## PROBLEM DESCRIPTION:
What you give back from the listing below should be an exact copy of the lines from the one with "-> 평면 -> 초평면" down to the one with "This distinctive design", and it should contain no pictures.

## DATASET RECORDS:
::::::
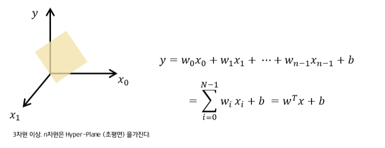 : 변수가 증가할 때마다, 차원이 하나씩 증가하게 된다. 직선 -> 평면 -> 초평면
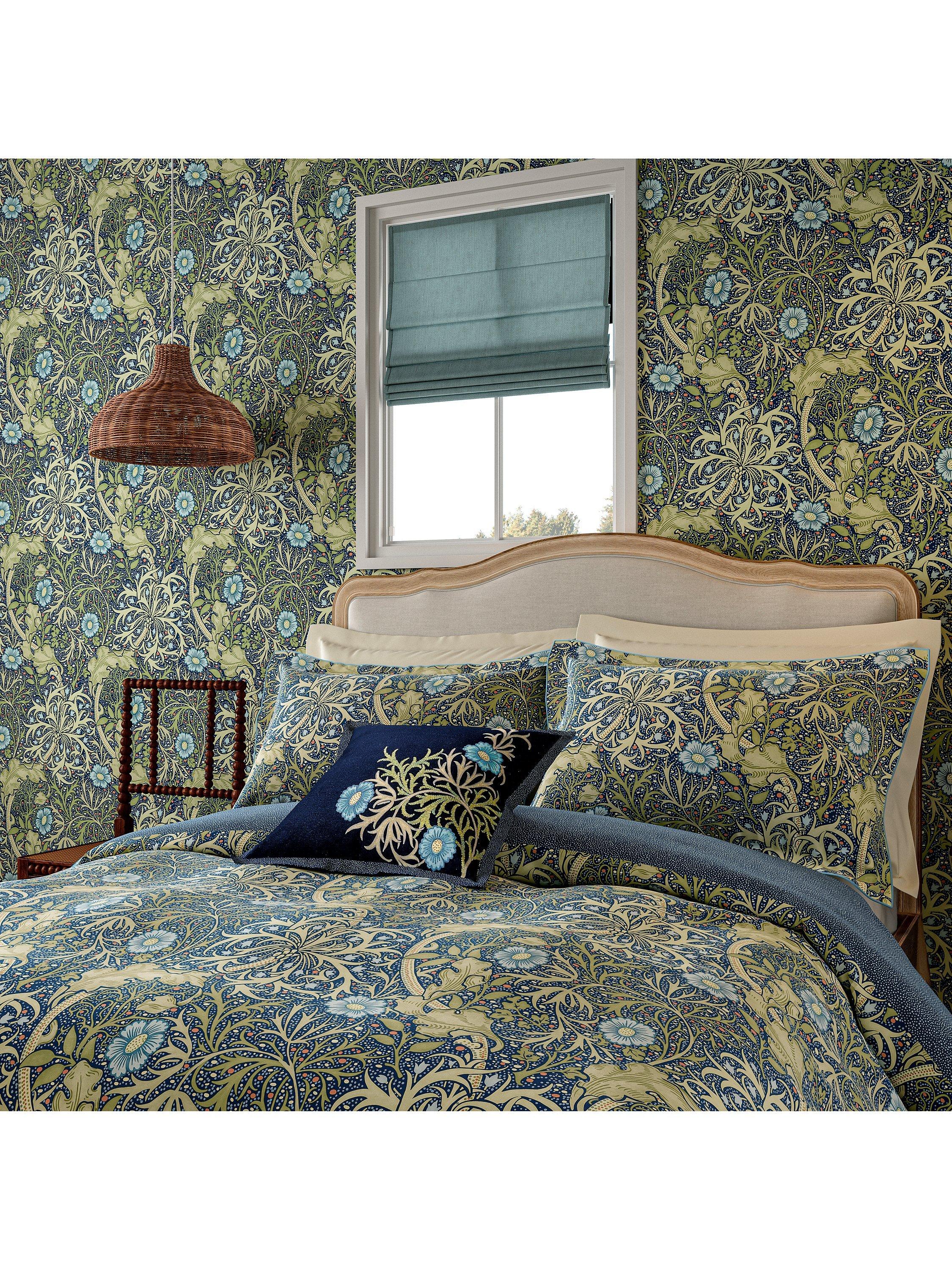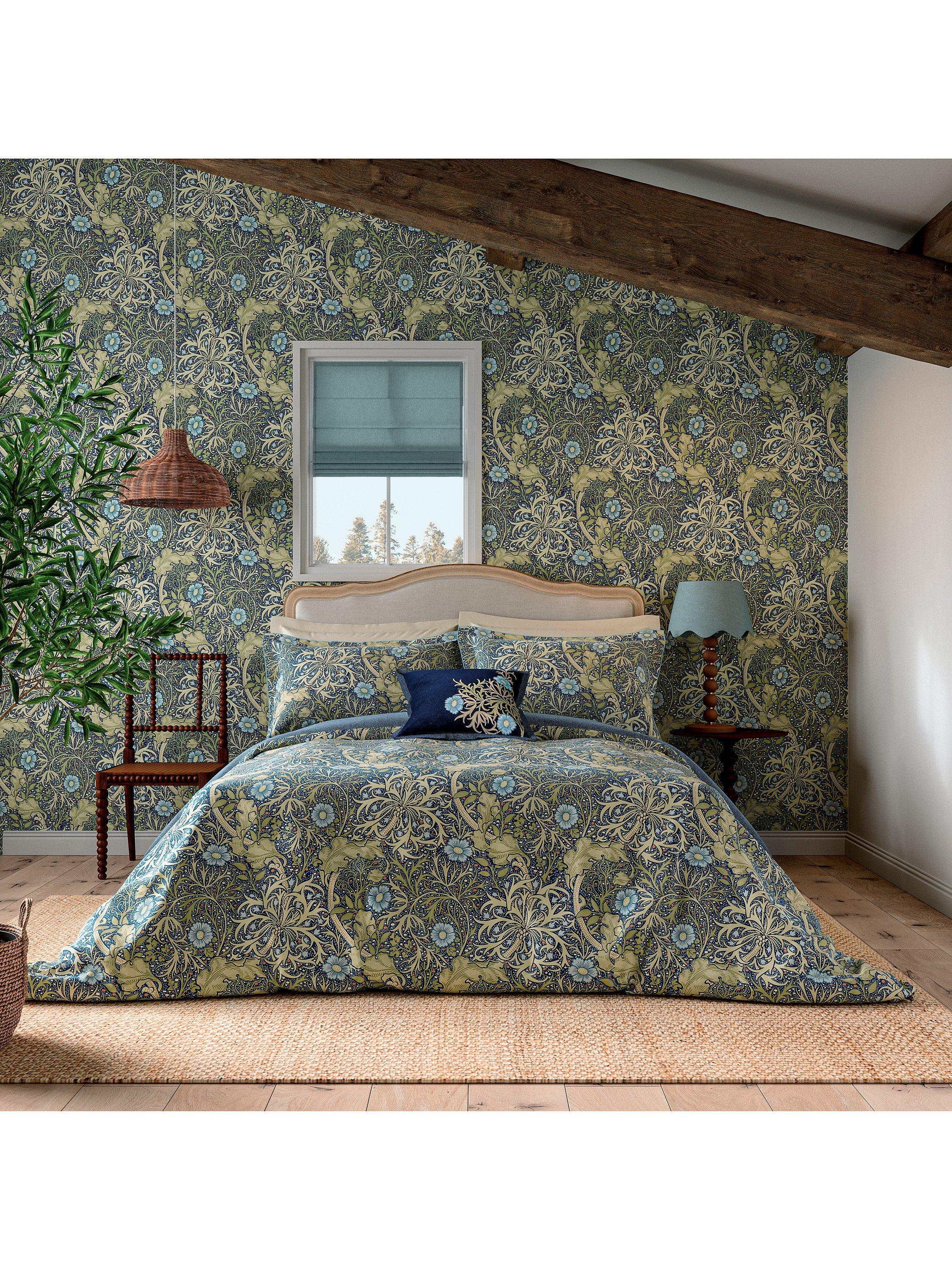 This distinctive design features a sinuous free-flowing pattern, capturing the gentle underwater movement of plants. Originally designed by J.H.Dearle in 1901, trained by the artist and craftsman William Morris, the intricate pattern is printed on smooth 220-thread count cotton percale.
::::::
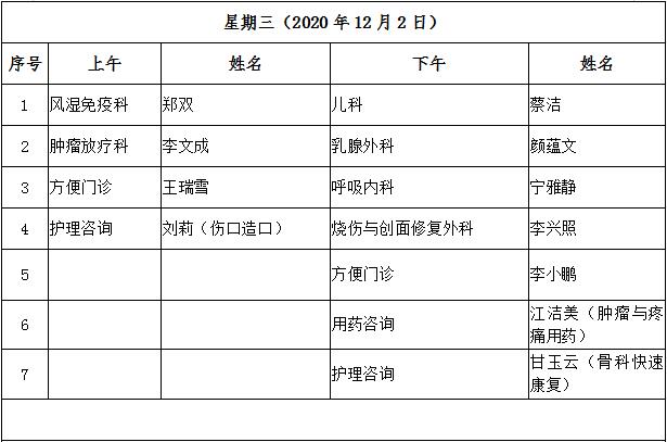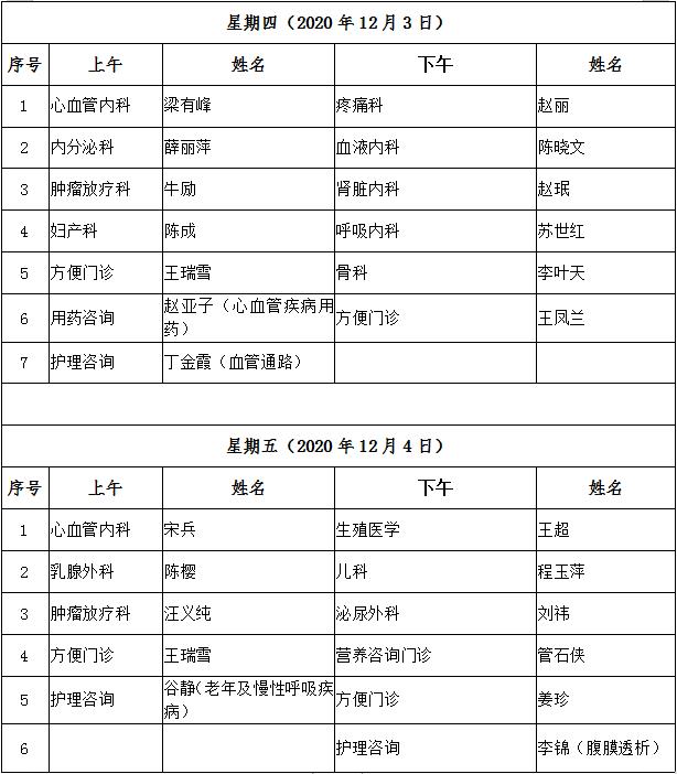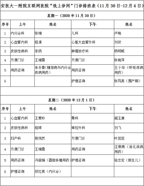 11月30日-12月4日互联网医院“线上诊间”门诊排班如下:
::::::
## ANSWER:
 : 변수가 증가할 때마다, 차원이 하나씩 증가하게 된다. 직선 -> 평면 -> 초평면
 This distinctive design features a sinuous free-flowing pattern, capturing the gentle underwater movement of plants. Originally designed by J.H.Dearle in 1901, trained by the artist and craftsman William Morris, the intricate pattern is printed on smooth 220-thread count cotton percale.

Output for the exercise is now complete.